# Molar solubility

Molar solubility is the number of moles of a substance (the solute) that can be dissolved per liter of solution before the solution becomes saturated. It can be calculated from a substance's solubility product constant (Ksp) and stoichiometry. The units are mol/L, sometimes written as M.

## Derivation

Given excess of a simple salt AxBy in an aqueous solution of no common ions (A or B already present in the solution), the amount of it which enters solution can be calculated as follows:

The Chemical equation for this salt would be:
${\text{A}_x \text{B}_y}_{(s)} \Longleftrightarrow x \text{A}_{(aq)} + y \text{B}_{(aq)}\,$
where A, B are ions and x, y are coefficients...

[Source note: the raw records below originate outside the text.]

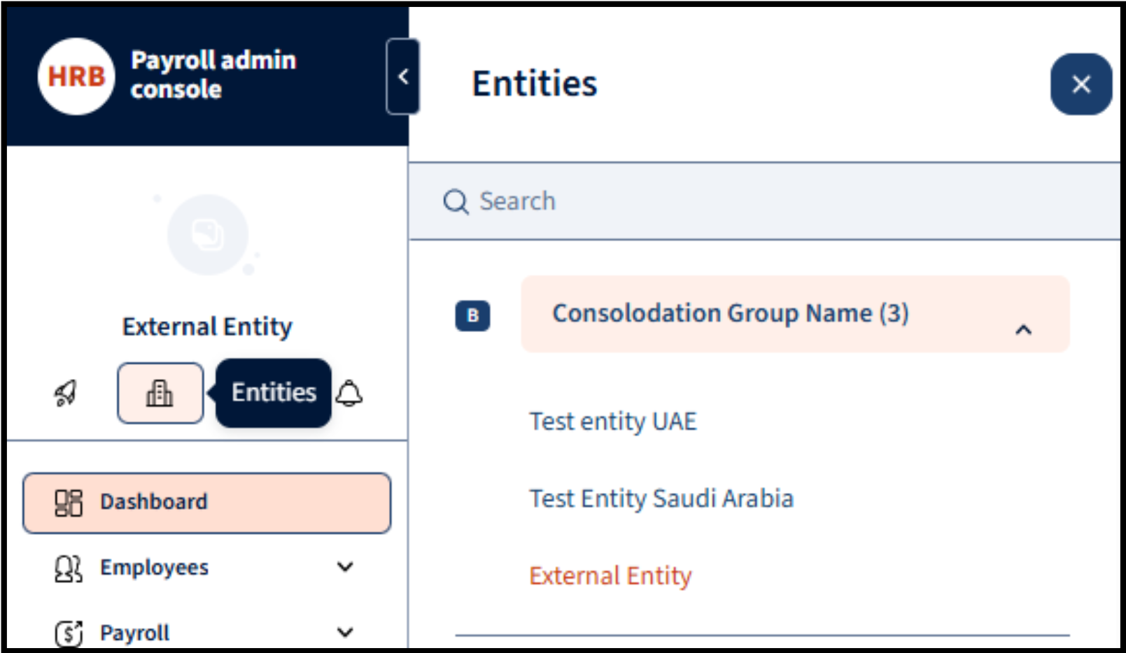 - Click on the “Entities” button (represented by the 🏦 building icon) and select the specific entity where the external user needs approval rights.
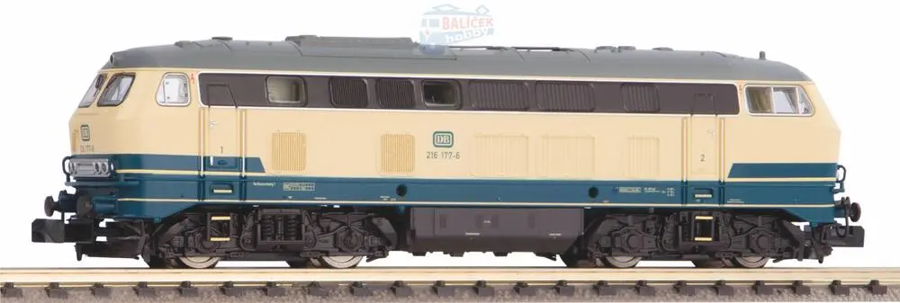 Novinka pro rok 2022: Varianta DB třídy 216 v béžově modrém provedení. V 60. a 70. letech 20. století byla lokomotiva řady V 160 nebo 216 rychlíkovou lokomotivou na německých spolkových drahách pro trasy bez trolejového drátu. Model tohoto důležitého typu vozidla nejen zaplňuje mezeru v řadě PIKO N, ale také obohatí řadu uspořádání modelové železnice z epoch III až V o četné varianty. Vývojový tým implementoval do modelu nápadný tvar originálu ve vynikající kvalitě a zároveň dosáhl ideálních jízdních vlastností. Tyto atributy podtrhuje efektní využití dokonalých rytin a do nejmenšího detailu harmonická povrchová úprava laku. Moderní LED technologie slouží jako základ pro změnu světla mezi červenou a bílou. Ve zvukové variantě má model BR 216 z výroby vhodný zvukový dekodér Next18. BR 216 přichází poprvé v sériové verzi s vysokým sériovým číslem. Ten se vyznačuje tlumičem hluku, zásuvkou UIC, čelní rukojetí a širokým stupněm. Obraz završuje mohutný sněhový pluh a klasické barevné schéma federálních železnic 80. let v béžové a oceánově modré.
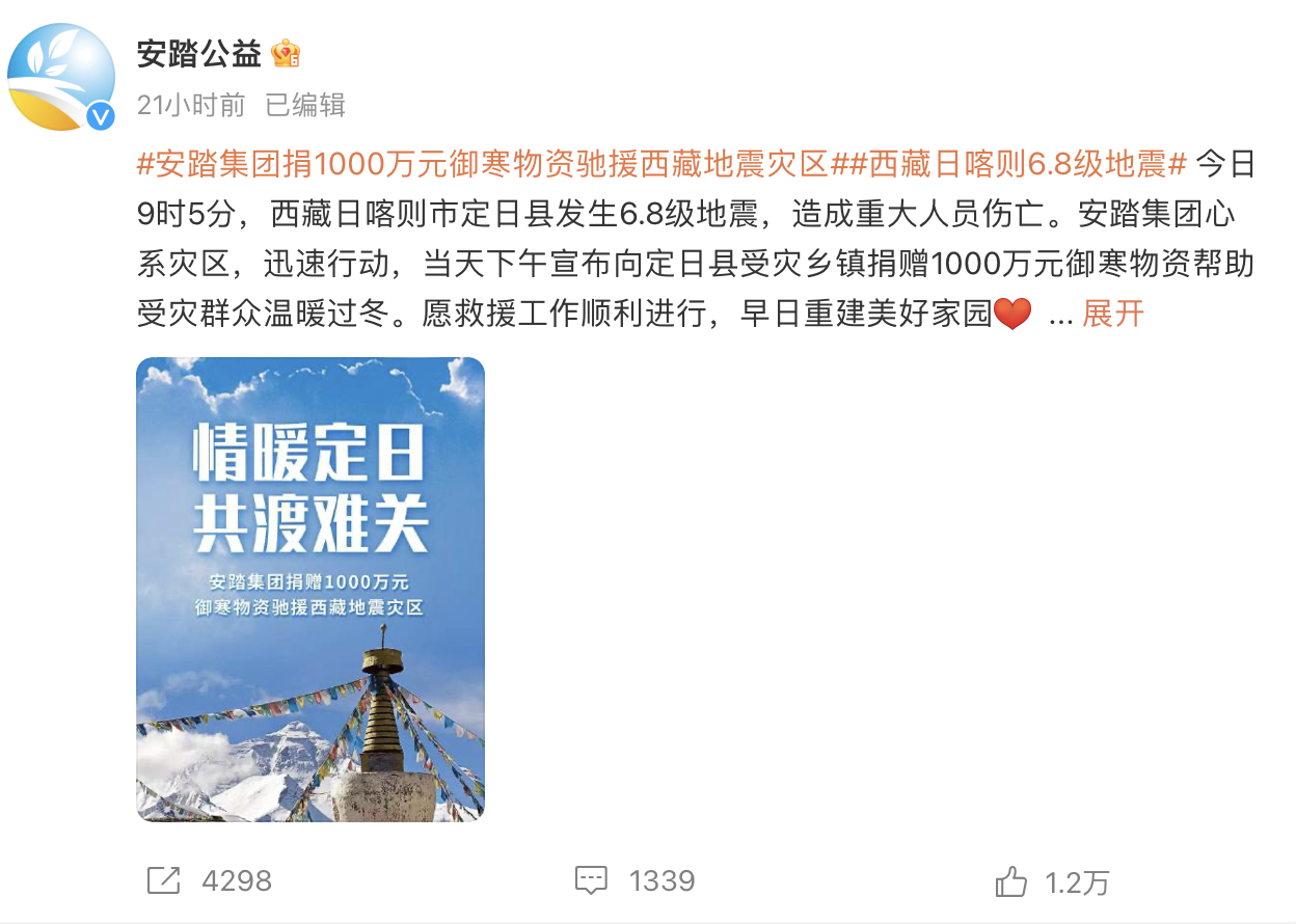 安踏公益:当天下午宣布向定日县受灾乡镇捐赠1000万元御寒物资帮助受灾群众温暖过冬。
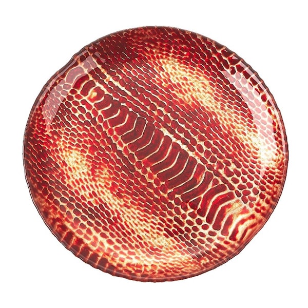 Gilded Tableware is unique in creating artful pieces that transform the ordinary into something extraordinary. We love to create enjoy and be inspired by the cultures and treasures of everyday life. We create artful tableware that is functional and is created by hand are food safe for Hot or Cold food. Each piece is handmade using spun glass technique and decorated on the back of the glass starting with the silver gold or copper leaf. Beautiful deep rich tones and textures of Snakeskin in this group. Reaching from Tribal to Contemporary the colors deep tones and textures are magnificent. Hand painted and decorated with patina painting and gold leaf gilding techniques. Food safe and oxidation free. Features -Set of 4 Specifications - Color: Coral - Size: 8.5 - Dimension: 1 H x 8.5 W x 8.5 L - Weight: 1.1 lbs
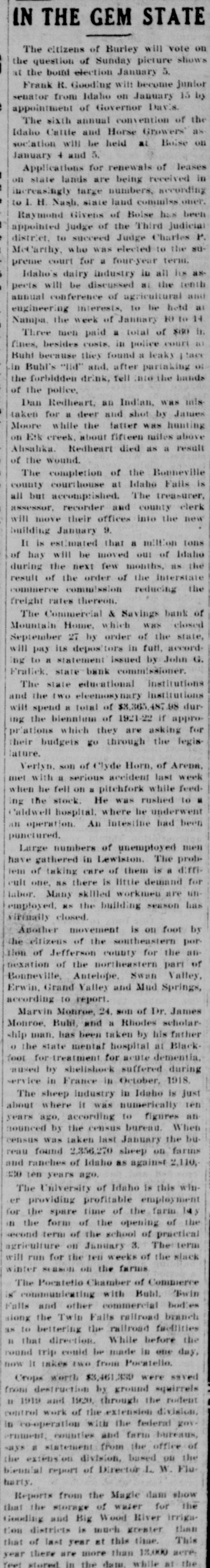 e The citizens of Burley will vote shows on question of Sunday picture 5. the it bond election January Frank the H. Gooding will become junior 15 by from Idaho on January Davis the appointment senator of Governor of sixth annual convention as The Cattle and Horse Growers Buise Idaho sociation will be held at on January + and 5. Applications for renewals received of leases in state lands are being according increasingly on targe numbers, commules other. H. Name state land been to Givens of Boise has judicial Raymond judge of the Third P. appointed to succeed Judge Charles the suMcCarthy. district, who was elected to term. court for a four-year his preme Idaho's dairy industry in all tenth as will be discussed at the and peris annual conference of agricultural held as engineering interests, to be 10 to It Nampa. the week of January in. Three men paid a total of court $150 ⑉ besides costs. in police tack Buhi fines, because they found 24 leaky I of Buhl's "Itd" and. after pariaking hands in the forbidden drink, tell into the of the police. Dan Redheart, an Indian, was Jalues mis for a deer and shot by taken while the fatter was hunting above Moore Etk creek. about fifteen miles result on Alsahka. Redheart died as a of the wound. The completion of the Bonneville is courthouse at Idaho Falls all county but accomplished. The treasurer, clerk assessor, recorder and county will move their offices into the new building January 9. It is estimated that a million Idaho tons of hay will be moved out of the during the next few months, as result of the order of the interstate the commerce commission reducing freight rates thereon. The Commercial & Savings bank closed of Mountain Home, which was September 27 by order of the state, will pay its deposit tors in full. accord G. ng to H statement issued by John Fralick, state bank commisMomer. The state educational Institutions and the two electrosynary institutions will spend H total of $3,365 47.98 during the biennium of 1921-22 if appro- for priations which they are asking their budgets go through the legis lature. Verlyn. son of Clyde Horn, of Arenn. with 28 serious accident last week met when he fell on 28 pitchfork while feedthe stock. He was rushed to Caldwell ing hospital. where he underwent an operation. An intestine had been punctured. Large numbers of unemployed men have gathered in Lewiston. The prob lem of taking care of them is a difficult one, NS there is little demand for labor. Many skilled workmen are unemployed, NS the building season has vitinally closed. Another movement is on foot by the citizens of the southeastern porIlon of Jefferson county for the annexation of the northeastern part of Bonneville, Antelope. Swan Valley, Erwin, Grand Valley and Mud Springs, according to report. Marvin Motroe, 24. son of Dr. James Monroe. Buhi, and a Rhodes scholar<hip man. has been taken by his father o the state mental hospital at Blackfoot for-treatment for acute dementia. used by shellshock suffered during service in France in October, 1918. The sheep industry in Idaho is just about where it was numerically ten years ago, according to figures an nounced by the census bureau. When census was taken last January the bureau found 2,356,270 sheep on farms and ranches of Idaho as against 2,110, #0 ten years ago. The University of Idaho is this winer providing profitable employment for the spare time of the farm 145 in the form of the opening of the second term of the school of practical agriculture on January 3. The term will run for the tell weeks of the slack winter season on the farms The Pocatetio Chamber of Commerce is communicating with Buhl. Twin Falls and other commercial bodies the Twin Falls railroad branch as to the slong bettering railroad facilities 11 that direction. While before the round trip could be made in one day, now It inkes two from Poestelle. Crops worth $3,461,339 were saved from destruction by ground squirrels 11 1919 and 1920. through the rudent control work of the extension division. in co-operation with the federal gov promment. countres and farm bureaus, says a statement from the office of the extens's division, based on the biennial report of Director 1. W. Fluharty, Reports from the Magie dam show that the storage of water for the Gooding and Big Wood River irrigadistricts is much greater of last at this that Con year thee. This than year there are more than 12,000 aere Yeet stored in the while at the
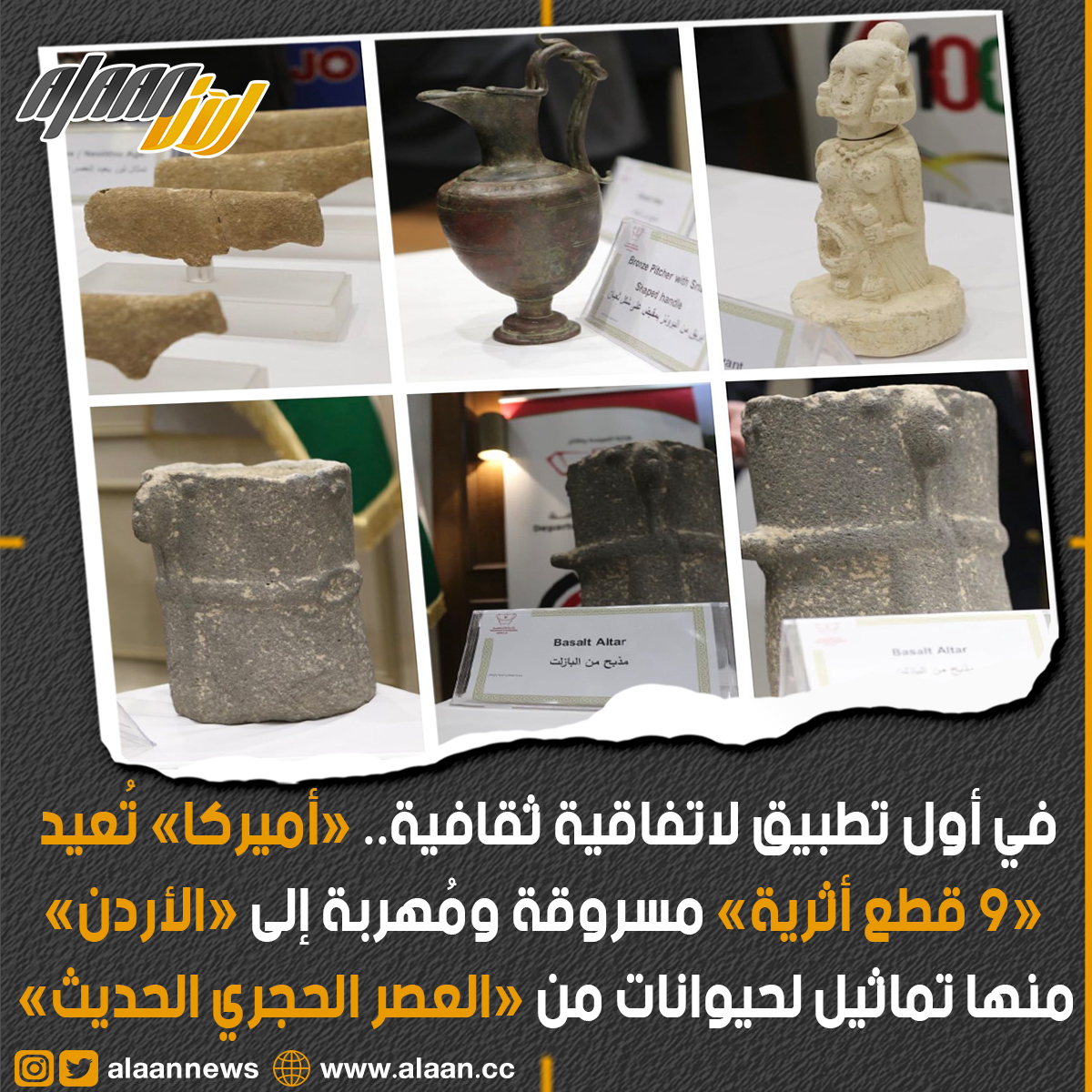 استعادت السلطات الأردنية 9 قطع أثرية هرّبت إلى الولايات المتحدة بينها تماثيل لحيوانات من العصر الحجري الحديث، ومذبح حجر نحاسي، وشواهد قبور، وتمثال بشري
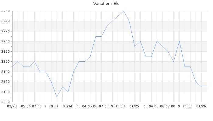 Date d'inscription : 11/01/16. Donateur pour EchecsEmail : Non ( Cliquez ici pour soutenir EchecsEmail. ) Elo non arrondi:2111.9 ( 85 sur 463 joueurs ) Nombre de victoires :784 Nombre de nulles :150 Nombre de défaites :644 Temps de réponse moyen par coup : 0J 4H 48M 11S ( Moyenne sur 970 coups ). Rd ( Un petit rd indique un elo fiable ) : 53 Magic Elo:1600 Magic Rd : 350 Elo maximum atteint ( en étant classé ) :2270 Elo maximum atteint cette année :2130 Nombre coups joués : 51678 Inscrit dans l' équipe:Mission Impossible Classement coupe : 24 Points coupe : 2531.97 Classement Coupe Magic Chess : Inactif Points Coupe Magic Chess : 0 Tournoi échelle : Inactif. Tournois gagnés : 17/10/2024 : Cat 5 : Victoire dans le tournoi n°25785 22/11/2022 : Cat 5 : Victoire dans le tournoi n°24210 30/07/2020 : Cat 5 : Victoire dans le tournoi n°21477 26/02/2020 : Cat 5 : Victoire dans le tournoi n°20731 23/02/2020 : Cat 5 : Victoire dans le tournoi n°20753 18/02/2020 : Cat 5 : Victoire dans le tournoi n°20667 30/10/2019 : Cat 5 : Victoire dans le tournoi n°20275 20/10/2019 : Cat 5 : Victoire dans le tournoi n°20097 17/06/2019 : Cat 5 : Victoire dans le tournoi n°19684 06/06/2019 : Cat 5 : Victoire dans le tournoi n°19631 03/12/2018 : Cat 5 : Victoire dans le tournoi n°18975 23/04/2018 : Cat 5 : Victoire dans le tournoi n°17886 26/01/2018 : Cat 5 : Victoire dans le tournoi n°17411 06/09/2017 : Cat 5 : Victoire dans le tournoi n°16788 02/09/2017 : Cat 5 : Victoire dans le tournoi n°16829 20/04/2017 : Cat 5 : Victoire dans le tournoi n°16114 05/11/2016 : Cat 5 : Victoire dans le tournoi n°15482 03/11/2016 : Cat 5 : Victoire dans le tournoi n°15319 06/08/2016 : Cat 5 : Victoire dans le tournoi n°15039 23/06/2016 : Cat 5 : Victoire dans le tournoi n°14727 03/03/2016 : Cat 4 : Victoire dans le tournoi n°14427 Nombre de tournois gagnés :21

1. The relationship of the changes in amount (of which mole is a unit), represented as N(∆), between the species is given by Stoichiometry as follows:
$-\frac{N_{ AxBy(\Delta)}}{1} = \frac{N_{A(\Delta)}}{x} = \frac{N_{B(\Delta)}}{y}\,$
which, when rearranged for ∆A and ∆B yields:
$N_{A(\Delta)} = -xN_{AxBy(\Delta)}\,$
$N_{B(\Delta)} = -yN_{AxBy(\Delta)}\,$

2. The Deltas(∆), Initials(i) and Finals(f) relate very simply since, in this case, Molar solubility is defined assuming no common ions are already present in the solution.
$N_{(i)} + N_{(\Delta)} = N_{(f)}\,$ The Difference law

$N_{A(i)} = 0\,$
$N_{B(i)} = 0\,$

Which condense to the identities
$N_{A(f)} = N_{A(\Delta)}\,$
$N_{B(f)} = N_{B(\Delta)}\,$

3. In these variables (with V for volume), the Molar solubility would be written as:
$S_0 = -\frac{N_{ AxBy(\Delta)}}{V}\,$

4. The Solubility Product expression is defined as:
$K_{sp} = [A]^x[B]^y\,$

These four sets of equations are enough to solve for S0 algebraically:

$K_{sp} = {\left(\frac{N_{A(f)}}{V}\right)}^x {\left(\frac{N_{B(f)}}{V}\right)}^y\,$

$K_{sp} = {\left(\frac{N_{A(\Delta)}}{V}\right)}^x {\left(\frac{N_{B(\Delta)}}{V}\right)}^y\,$

$K_{sp} = \frac{{(N_{A(\Delta)})}^x {(N_{B(\Delta)})}^y}{V^{(x+y)}}\,$

$K_{sp} = \frac{{(-xN_{AxBy(\Delta)})}^x {(-yN_{AxBy(\Delta)})}^y}{V^{(x+y)}}\,$

$K_{sp} = \frac{{(-1)}^x {(x)}^x {(N_{AxBy(\Delta)})}^x {(-1)}^y {(y)}^y {(N_{AxBy(\Delta)})}^y}{V^{(x+y)}}\,$

$K_{sp} = x^x y^y \frac{{(-1)}^x {(-1)}^y {(N_{AxBy(\Delta)})}^x {(N_{AxBy(\Delta)})}^y}{V^{(x+y)}}\,$

$K_{sp} = x^x y^y \frac{{(-1)}^{(x+y)}{(N_{AxBy(\Delta)})}^{(x+y)}}{V^{(x+y)}}\,$

$\frac{K_{sp}}{x^x y^y} = {\left(-\frac{N_{AxBy(\Delta)}}{V}\right)}^{(x+y)}\,$

$\frac{K_{sp}}{x^x y^y} = {\left(S_0\right)}^{(x+y)}\,$

Hence;

$S_0 = \sqrt[(x+y)]{\frac{K_{sp}}{x^x y^y}}\,$

## Simple calculation

If the solubility product constant (Ksp) and dissociation product ions are known, the molar solubility can be computed without the aforementioned equation.

### Example

Ionic substance AB2 dissociates into A and 2B, or one mole of ion A and two moles of ion B. The soluble ion dissociation equation can thus be written as:

$AB_{2(s)} \Longleftrightarrow A_{aq} + 2B_{aq}$

where the corresponding solubility product equation is:

$K_{sp} = [A][B]^2$

If the initial concentration of A is x, then that of B must be 2x. Inserting these initial concentrations into the solubility product equation gives:

$K_{sp} = (x)(2x)^2$
$K_{sp} = (x)(4x^2)$
$K_{sp} = 4x^3$

If Ksp is known, x can be computed, which is the molar solubility.